Included in the following conference series:

International Conference on Enterprise Information Systems

909 Accesses
1 Citations

Abstract

Academic genealogy investigates the relationships between student researchers and advisors and has been used as a resource to analyze the spread of scientific knowledge. This work presents the development of a system that creates academic genealogy trees of researchers from the Brazilian library of theses and dissertations. The proposed system allows users to query and track information about researchers available on the database and retrieve their academic trees with the any desirable depth. This paper extends a previous work presenting new analyzes including the temporal distribution of documents and the number of advisors as a function of advising relationships.

Access provided by Autonomous University of Puebla. Download conference paper PDF

Building the Brazilian Academic Genealogy Tree

On the banks of Shodhganga: analysis of the academic genealogy graph of an Indian ETD repository

Article 18 May 2023

Science Tree: a platform for exploring the brazilian academic genealogy

Article Open access 17 November 2021

Keywords

1 Introduction

Currently, there are a large number of scientific publications and academic papers available in various Web repositories. Each research institution or university publishes the results achieved in its own institutional repository. In this way, scientific publications are cataloged and organized in a dispersed manner. These data altogether contain the major scientific contributions and collaborations among researchers over time. Analyzing the metadata from multiple publications allows one to map and understand how the relationships between researchers affect the advancement of knowledge in several areas of science.

Genealogy is an auxiliary field of history that studies the origin, evolution and spread of family groups [13]. This evolution is often represented using a structured diagram in the form of family trees [5]. Genealogy trees are well-known structures that organize, through kinship ties, the whole history of an individual’s ancestors. Using this structure we can analyze the origin and development of a family lineage over time.

Genealogy trees can be used in academia to analyze relationships between professors, students and researchers. Figure 1 [12] shows an example of an academic genealogy tree. Any metadata sets that describe the elements or their relationships can be used.

The drawing of an academic genealogy tree allows one to see who advised a researcher and how this researcher influenced others over time. A forest (set of trees) depicts the description a research area using metrics that let, through statistical analyzes and data mining, to extract relevant knowledge for the area under study [3]. Therefore, these structures allow us to analyze how knowledge is spreading across generations of scientists and how these links affect the development of science.

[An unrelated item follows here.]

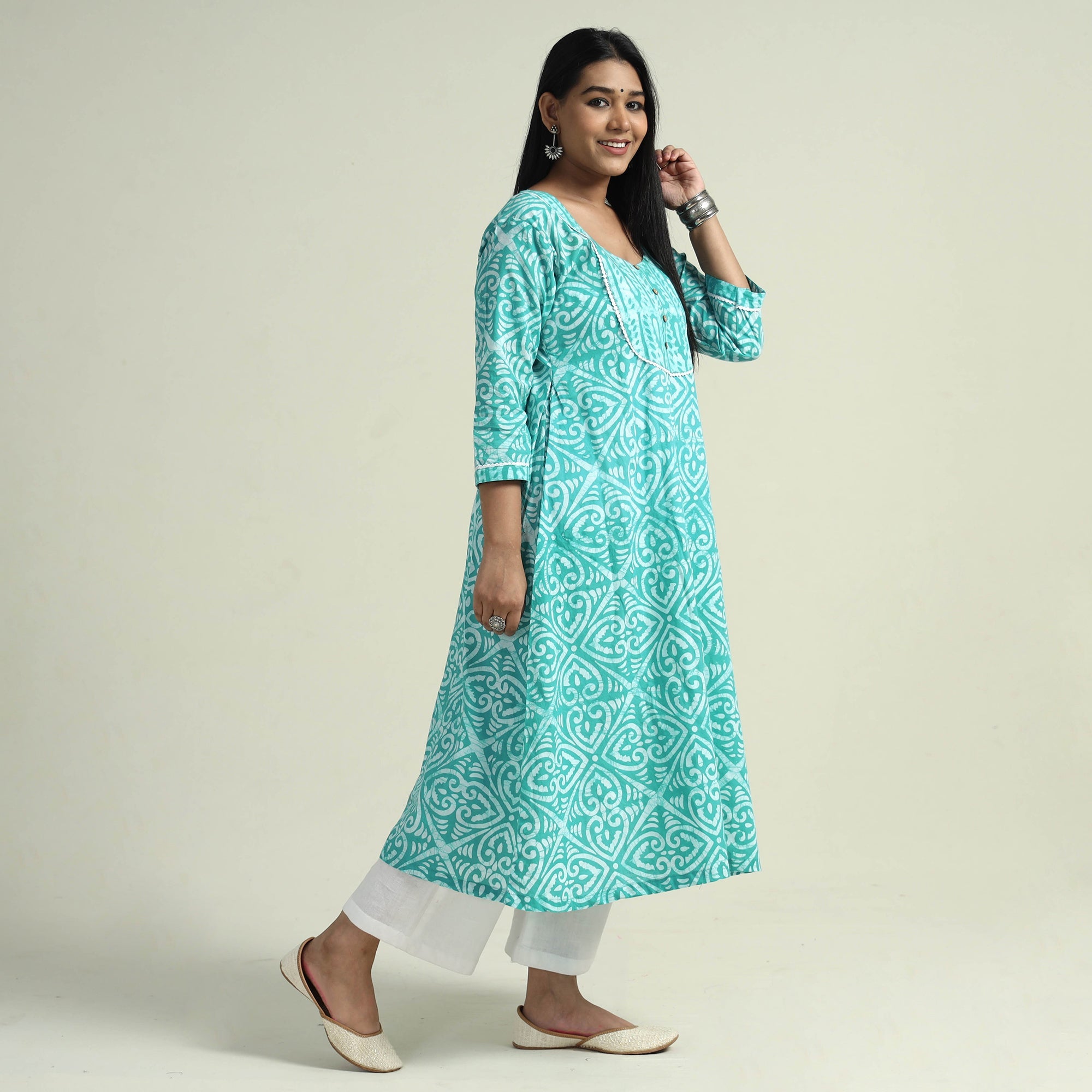 Look and feel beautiful in this uniquely designed hand batik printed cotton long Kurta with plain palazzo set. This Kurta set is crafted from cotton fabric, ensuring a comfortable feel against your skin. The Kurta also features a convenient one-side pocket, perfect for carrying small essentials, and the palazzo features an elasticized waist and two side pockets, adding functionality to this palazzo. Perfect for special occasions and celebrations, this elegant Kurta set exudes traditional charm with its hand-batik printed motifs.
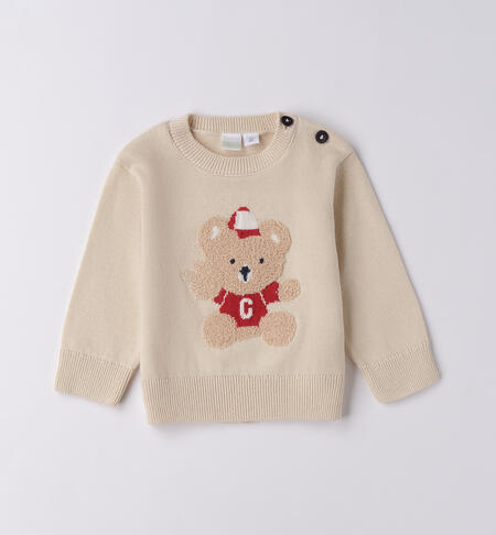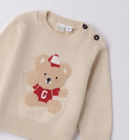 Maglioncino per bimbo iDO 1-24 mesi realizzato in tricot 100% cotone. Il modello presenta apertura sulla spalla con bottoni e fantasia tinta unita con orsetto.

Aiming at visualizing academic genealogy trees created from a set of metadata extracted and integrated from multiple sources, the Information Management Research Group developed at Centro de Ciências Computacionais at Universidade Federal do Rio Grande (FURG) an information system called The Gold Tree [12]. This system allows a researcher to query and track information about his or her advisors and graduate students at any level. A case study was explored to validate the system using data from more than 570 thousand PhD theses and masters dissertations. In addition to including recent related work in the study, this paper extends previous work reporting new data analysis: an overview of the researchers’ graph, the temporal distribution of relationships, and the number of advisors as a function of advising relationships.

The rest of this paper is organized as follows. In Sect. 2, we discuss related work. Section 3 presents the methodology to develop the proposed solution. Details on the obtained results are given in Sect. 4. Finally, in Sect. 5, we draw our conclusions and point out some directions for future work.

2 Related Work

In recent years, several studies have explored the visualization of academic collaboration data. While some platforms such as ResearchGate [17], Google Citations, and the Web of Science (WoS) classify registered researchers by citation indexing their articles and papers [1], other tools such as Pajek [2] and PubNet [8] are only concerned with viewing the research networks. Furthermore, we point out that there are also solutions that use specific data sources to extract information and generate knowledge from co-authoring relationships [10, 14]. The following subsections present in details the works used as baseline in the validation of the proposed system.

2.1 Academic Family Tree

Neurotree is a Web database created to document the lineage of academic mentorship in neuroscience [5]. The authors present a temporal analysis of the database growth in a period of seven years. The following metrics were performed: the number of researchers and relationships, the monthly growth rate, the fraction of researchers linked in the main graph, the average distance between researchers, and the average number of connections per researcher. In addition, they report the accuracy of related data in Neurotree with data reported on Web sites of five research groups. Finally, in order to study the relationship between mentorship groups and research areas within neuroscience, they provide a clustering analysis.

This tree exists as a part of the larger Academic Family Tree,^{Footnote 1} which seeks to build a genealogy across multiple academic fields, building a single, interdisciplinary academic genealogy. Figure 2 [12] presents the result of a query by the name of the researcher.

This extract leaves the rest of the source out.